### TASK ITEM
Without including the pictures, copy out every line below.

### DATA EXCERPT
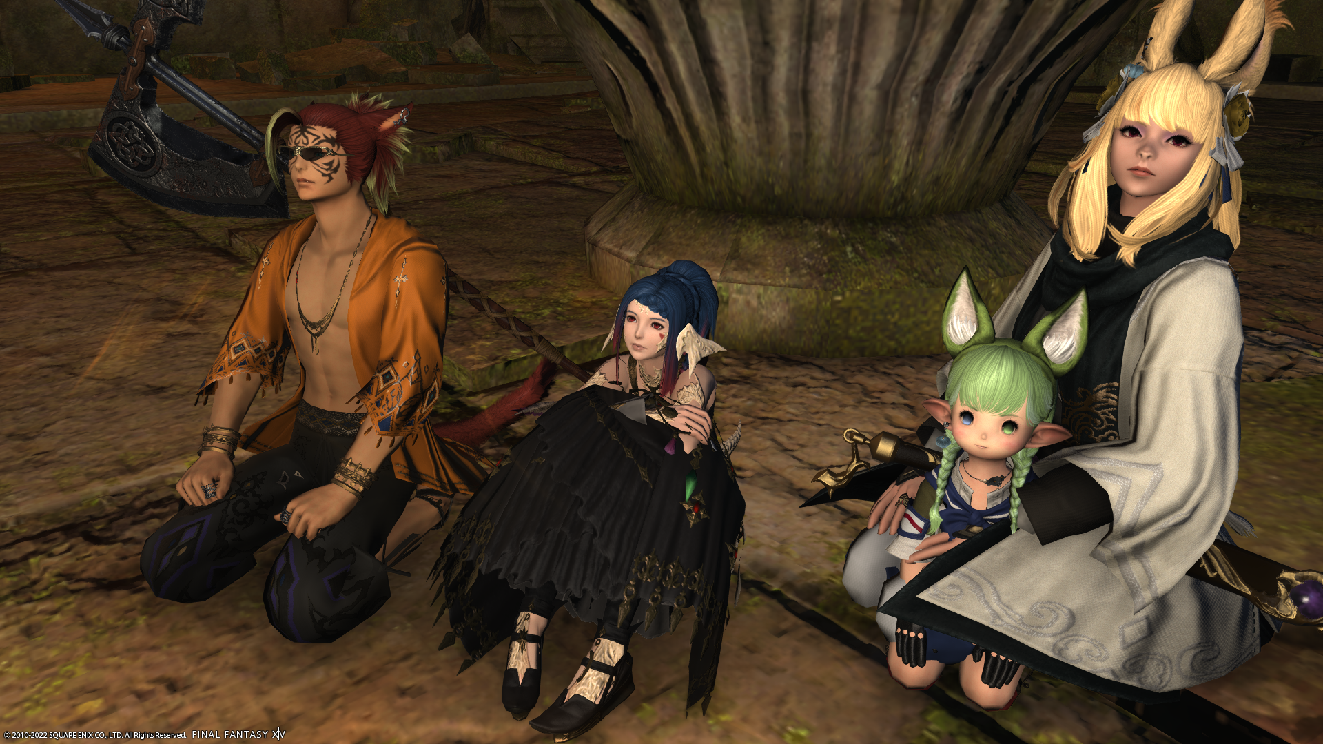 真ん中のララフェルちゃんがFCメンバー倉庫ちゃん。
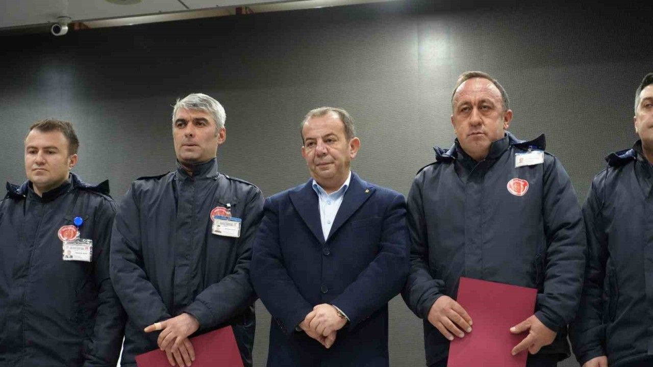 Bolu Belediye Başkanı Tanju Özcan, otel faciasında yaptıkları çalışmalardan dolayı itfaiye personeline ve tutuklu bulunan kişilerin eşlerine ‘Hizmet Şeref Belgesi’ verdi.
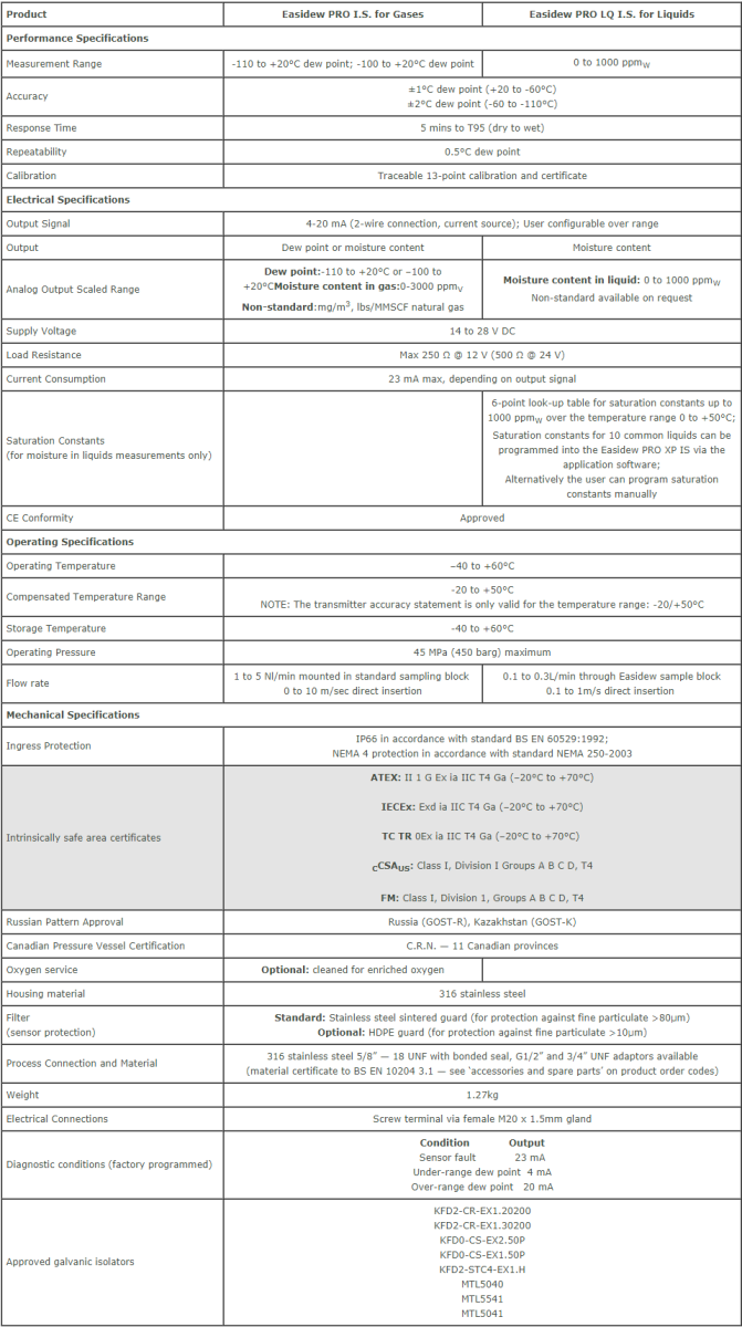 Data Sheet - Easidew PRO I.S. Dew Point Transmitter
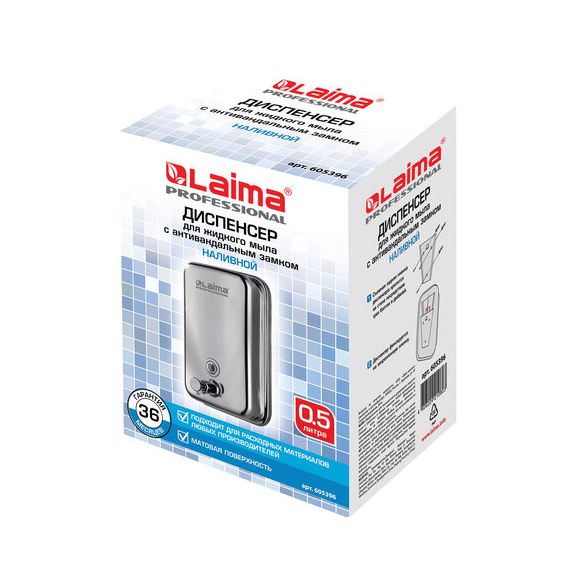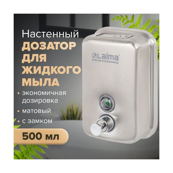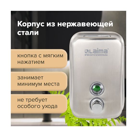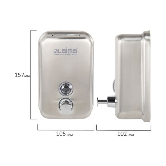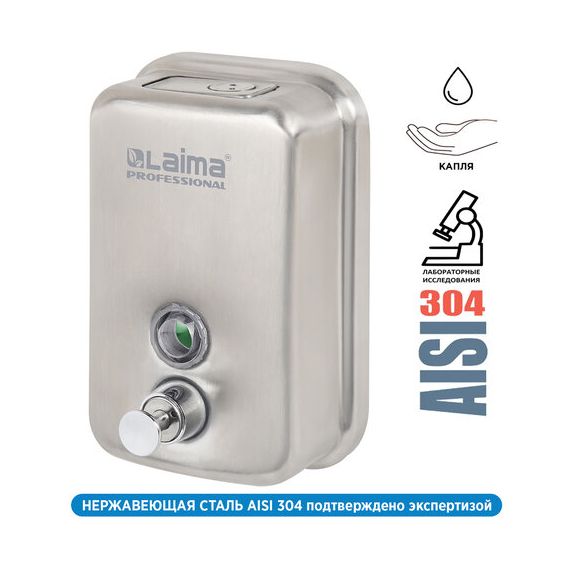 Дозатор для жидкого мыла LAIMA PROFESSIONAL INOX (гарантия 3 года), 0,5 л, нержавеющая сталь, матовый, 605396

### OUTPUT
 真ん中のララフェルちゃんがFCメンバー倉庫ちゃん。
 Bolu Belediye Başkanı Tanju Özcan, otel faciasında yaptıkları çalışmalardan dolayı itfaiye personeline ve tutuklu bulunan kişilerin eşlerine ‘Hizmet Şeref Belgesi’ verdi.
 Data Sheet - Easidew PRO I.S. Dew Point Transmitter
 Дозатор для жидкого мыла LAIMA PROFESSIONAL INOX (гарантия 3 года), 0,5 л, нержавеющая сталь, матовый, 605396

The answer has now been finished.